Lentamente, se convierte en una máquina de rumiar ironías, aumentando su acidez de palabra hasta convertirse en un auténtico hombre de mierda, que sólo sabe agredir, comprarse ropa, video juegos y chupar birra.
Ahora es, irremediablemente, un engranaje más de la oficina latinoamericana.

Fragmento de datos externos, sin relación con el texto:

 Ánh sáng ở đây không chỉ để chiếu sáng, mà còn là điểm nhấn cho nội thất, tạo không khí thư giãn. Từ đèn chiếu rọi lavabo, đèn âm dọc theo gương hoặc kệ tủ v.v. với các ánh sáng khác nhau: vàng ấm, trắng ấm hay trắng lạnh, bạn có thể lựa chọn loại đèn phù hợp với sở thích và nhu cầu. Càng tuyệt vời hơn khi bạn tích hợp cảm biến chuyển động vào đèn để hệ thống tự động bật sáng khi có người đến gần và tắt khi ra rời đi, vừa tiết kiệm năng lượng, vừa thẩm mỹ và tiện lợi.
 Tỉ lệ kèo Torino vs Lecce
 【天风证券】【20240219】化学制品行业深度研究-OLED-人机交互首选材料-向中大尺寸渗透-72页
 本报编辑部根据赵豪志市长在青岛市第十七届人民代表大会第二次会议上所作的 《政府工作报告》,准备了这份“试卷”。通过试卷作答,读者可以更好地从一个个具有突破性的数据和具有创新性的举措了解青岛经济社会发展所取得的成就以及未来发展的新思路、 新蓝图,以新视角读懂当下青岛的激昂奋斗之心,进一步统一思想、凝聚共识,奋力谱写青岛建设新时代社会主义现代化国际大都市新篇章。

-Cuando un hombre, por un hecho casual, o por la síntesis reflexiva de sus descubrimientos cotidianos, comprende que el mundo está mal hecho, que el mundo, digamos, es una cloaca, se entrega como ustedes, o lo transforma, y es Cristo o Lenin, o se mata. Señores míos, yo vengo a proponerles que demos el ejemplo y nos matemos de inmediato.**

El gran problema de las oficinas es la alienación: la gente enloquece y reacciona de forma errática. Se siente acorralada ante la presión y confunde muerte con libertad. La respuesta de los partidarios de este sistema laboral suena fácil: podemos soportarlo. Pero los contradicen las estadísticas de ACVs, infartos, suicidios, muertes súbitas, ataques de presión y pánico, etc, etc, etc. Entonces retrucan: pasa que los débiles son mayoría.

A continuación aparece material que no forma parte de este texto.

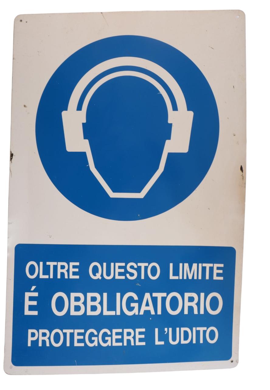 Cartello rettangolare, suddiviso in due campi, recante un pittogramma in bianco su fondo circolare blu (parte superiore) e una scritta in bianco su campo blu (parte inferiore), ottenuti mediante l'utilizzo della serigrafia. Presenta quattro fori negli angoli atti al fissaggio.\n

-Se debe morir por propia voluntad, luego de haber comprendido lo grotesco, lo irrisorio que es el empleado de oficina. por otra parte, amigos, el suicidio es la muerte perfecta. Morimos porque se nos antoja. Nadie, ninguna fuerza inhumana nos arrastra. No hay intervención del absurdo. Queda eliminada la contingencia. Se hace de la muerte un acto razonable; quién se mata ha comprendido, al menos, por qué se mata.***

Una sola pregunta aqueja al oficinista ¿para qué trabaja si sabe que sólo obtendra resultados deficientes por los que será reprendido, incluso aunque no fueran alcanzables? De primera, sabe que la respuesta no la encontrará subiendo por la cadena alimenticia, ni en ningún rincón de la oficina.
Para la jerarquía lo importante es aparentar que ordena y decide, incluso con ausencia de información o propósito, puesto que los resultados concretos son relativos a los beneficios políticos de sus decisiones. Para el operativo en cambio, la sensación de progreso resulta crítica y su autoconfianza decae con cada tarea cuyos resultados sean imposibles de medir.
Cuando el estímulo jerárquico es irracional el oficinista responde con la misma munición. Sueña magnicidios, asesinatos en masa, violaciones, descuartizamientos, suicidios, etc, etc. En este caso, la autodestrucción se toma como una reacción defensiva frente a la imprevisibilidad laboral: hinchado las pelotas, el señor Núñez decide convencer a sus compañeros para que se suiciden con él. Quiere poner un ejemplo para la oficinidad.
¿Qué grado de alienación debe alcanzar una persona para pensar algo así? ¿Nunca lo ha hecho, digo, imaginar el asesinato de sus compañeros para luego asesinarse usted mismo? Tenga en cuenta que el loco puede volverse cuerdo, mientras que el infartado depende de la obra y gracia del defibrilador.

*Roberto Arlt, aguasfuertes.
** y ***Abelardo Castillo, also sprach señor Núñez.